SEKARANG BUKAN WAKTUNYA UNTUK AFIKAAA, PSSIIII, KPSSII, POLISI GANTENG ATAU DARSEM... SEKARANG WAKTUNYA UNTUK...
SITIIII...BOCAH PENJUAL BAKSO
...
Saya sempat nonton acara
“Orang-Orang Pinggiran” di Trans7. Dada saya sesak menyaksikannya, air
mata saya meleleh tanpa bisa ditahan, tak mampu berkata-kata. Siti,
seorang bocah yatim yang ditinggal mati ayahnya sejak usia 2 tahun.
Kini Siti berumur 7 tahun. Sehari-hari sepulang sekolah Siti masih
harus berkeliling kampung menjajakan bakso. Karena ia masih anak-anak,
tentu belum bisa mendorong rombong bakso. Jadi bakso dan kuahnya
dimasukkan dalam termos nasi yang sebenarnya terlalu besar untuk anak
seusianya. Termos seukuran itu berisi kuah tentu sangat berat.
Tangan kanan menenteng termos, tangan kiri menenteng ember plastik
hitam berisi mangkok-mangkok, sendok kuah, dan peralatan lain.
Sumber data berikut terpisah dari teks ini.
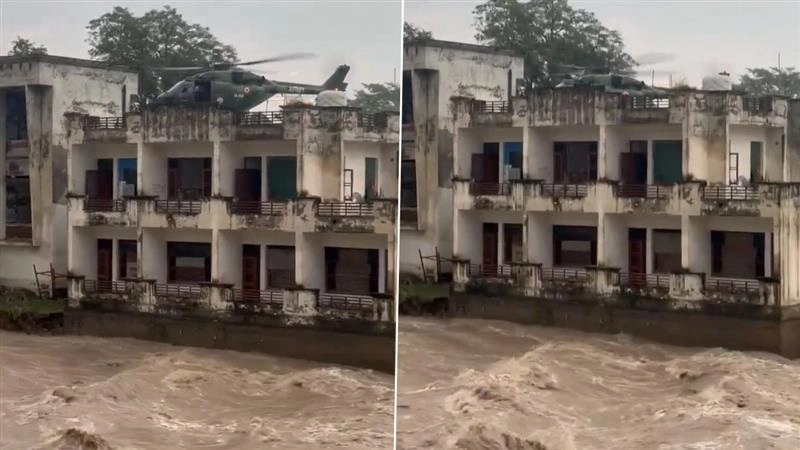 ভারতীয় সেনার হেলিকপ্টার উদ্ধার কাজ শেষ করার পরপরই গোটা বাড়িটি বন্যার জলে তলিয়ে যায় মুহূর্তের মধ্যে...

Dengan
terseok-seok menenteng beban seberat itu, Siti harus berjalan keluar
masuk kampung, terkadang jalanannya menanjak naik. Kalau ada pembeli,
Siti akan meracik baksonya di mangkok yang diletakkan di lantai. Maklum
ia tak punya meja. Terkadang jika ada anak yang membeli baksonya, Siti
ingin bisa ikut mencicipi. Tapi ia terpaksa hanya menelan ludah,
menahan keinginan itu. Setelah 4 jam berkeliling, ia mendapat upah 2000
perak saja! Kalau baksonya tak habis, upahnya hanya Rp. 1000,- saja.
Lembaran seribuan lusuh berkali-kali digulung-gulungnya.
Sampai di rumah, Siti tak mendapati siapapun. Ibunya jadi buruh
mencangkul lumpur di sawah milik orang lain. Tak setiap hari ia
mendapat upah uang tunai. Terkadang ia hanya dijanjikan jika kelak
panenan berhasil ia akan mendapatkan bagi hasilnya. Setiap hari kaki
Ibunda Siti berlumur lumpur sampai setinggi paha. Ia hanya bisa
berharap kelak panenan benar-benar berhasil agar bisa mendapat bayaran.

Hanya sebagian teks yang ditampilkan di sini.